Когда мы подходили, она сидела, склонив голову над планшетом. Откинув волосы со лба, подняла глаза. Эти глаза обожгли холодом. Этот взгляд сковал меня похлеще трескучего мороза, на котором мы были совсем недавно. Ледяное сияние этих огромных зелёных глаз одурманивало куда действенней всех снадобий, что я когда-либо принимал.

– Знакомьтесь, это – Сурати, а парни рядом – её отряд. Они из Нуристана.

Я стряхнул с себя оцепенение и заставил себя отвести взгляд от девушки на сидящих вокруг. Некоторые из них были такие же светловолосые и зеленоглазые, как и она. Я не могу точно описать цвет их глаз. Радужная оболочка то ли зелёная, то ли синяя, оттенка морской воды, при этом она прозрачная в центре с тёмной окантовкой по окружности. А сам зрачок – как будто бы дно самой глубокой океанской впадины. Но ни у кого из них не было такого пронизывающего взгляда как у неё.

Если честно, мне стало жутковато находиться среди этих людей, хотя они добросердечно приветствовали нас. Как я ни пытался отворачиваться, взгляд возвращался к её глазам.

– Какие-то супер-пупер технологичные линзы? – забыв о приличии, ляпнул Отомо.

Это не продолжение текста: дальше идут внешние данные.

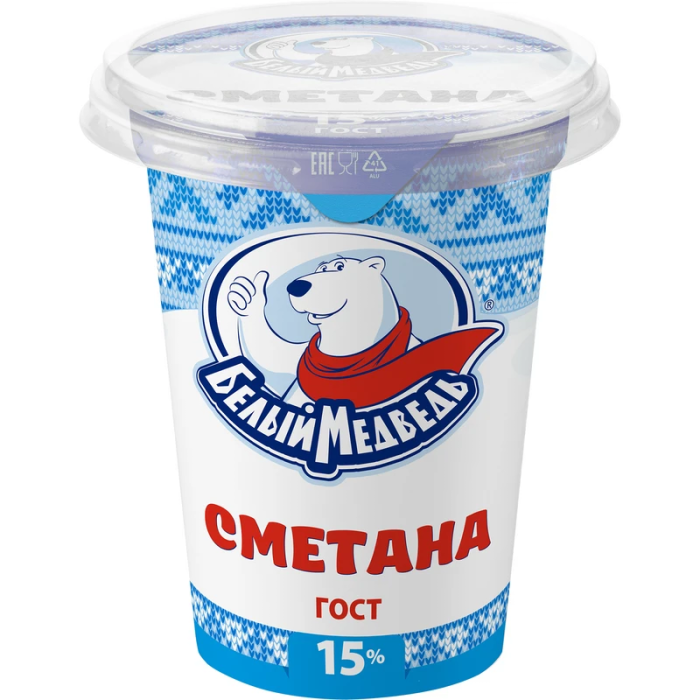 Сметану "Белый Медведь" производят традиционным способом из сливок путем сквашивания их закваской, приготовленной на чистых культурах молочнокислых бактерий. Сметана не содержит никаких посторонних добавок, благодаря чему имеет приятный кисломолочный вкус и нежную консистенцию
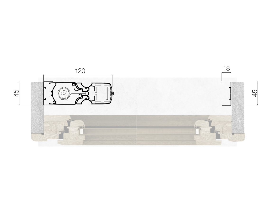 la presa ergonomica lungo tutto il profilo della barra maniglia, rende comodo e facile l’azionamento sia dall’interno che dall’esterno. L’apertura e chiusura dell’anta, pur essendo dotata di molla, risulta molto controllata, senza causare avvolgimenti improvvisi e veloci. Questa caratteristica, unita alla guida a terra molto bassa da 5mm, rende il prodotto ideale per i vani di frequente passaggio.Optionnel:
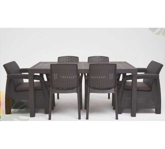 Состав комплекта:Кресла - 2 шт; большой обеденный стол - 1 шт.; регулировочный болт для ножки стола - 1 шт.; стул садовый - 4 шт.; подушка для кресла - 2 шт.
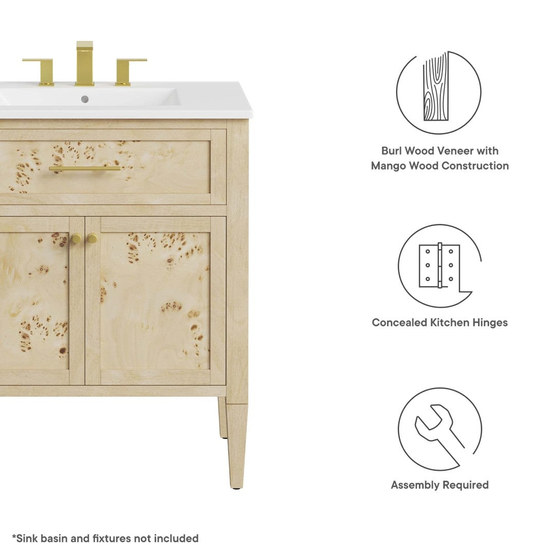 Elevate your bathroom with the Elysian 30" Burl Wood Vanity Cabinet — a beautifully crafted piece that blends warm, organic materials with functional design. Its mango wood construction and burl wood veneer create a unique, natural grain pattern that serves as a focal point, while thoughtful storage and a streamlined silhouette keep the space tidy and refined. This vanity is designed for easy integration with your preferred sink basin and fixtures (sold separately).

– Или вы не настоящие люди, а роботы-андроиды? – подключился я, почувствовав, что смехом можно скрыть неловкость.

В ответ раздался общий хохот.

– Нас уже настолько мифологизировали, что вполне можем сойти за гуманоидов инопланетного происхождения, – сказал один из необычных новых знакомых.

Мы с Отомо переглянулись.

– Ты знаешь, что такое гуманоид? Ты же год как учишься у Вардана, – решил я подколоть товарища.

– Гуманизм – это человеческое, мы это изучали.

– Молодец! – похвалил Вардан, – а гуманоид – это антропоморфное существо, то есть человекоподобное существо, будь то робот, герой сказки или мифа...

В этот момент раздался оглушительный взрыв, нас аж подкинуло вместе со скамейкой, а со стола на пол с шумом полетели посуда и различные устройства. Второе сотрясение последовало сразу, не дав нам ни минуты опомниться. Кто-то, перешагнув через скамейку, кинулся к одному из выходов.

– Сохранять спокойствие! – вскочил на стол Лелетке, – Это – глубинные бомбы. Наше укрепление долго не протянет, не больше пятнадцати минут, срочно эвакуируемся. Все помнят инструкции? Гостям следовать за Мэлмэлом.

Мне казалось, что все хаотически суетились, но очень скоро стало понятно, что они знают, что им делать. Помещение стало пустеть на глазах. Мэлмэл переговорил с Лелетке, сверяя что-то с ним, тыкая в своё персональное устройство. Затем он махнул нам, и мы побежали за ним. Мы – это я, Отомо, Вардан и отряд Сурати. Мы покинули общий зал через ту же дверь, в которую входили.

– Три минуты на сборы личных вещей. На себя надеть по максимуму тёплой одежды. Жду в конце коридора вон у того выступа.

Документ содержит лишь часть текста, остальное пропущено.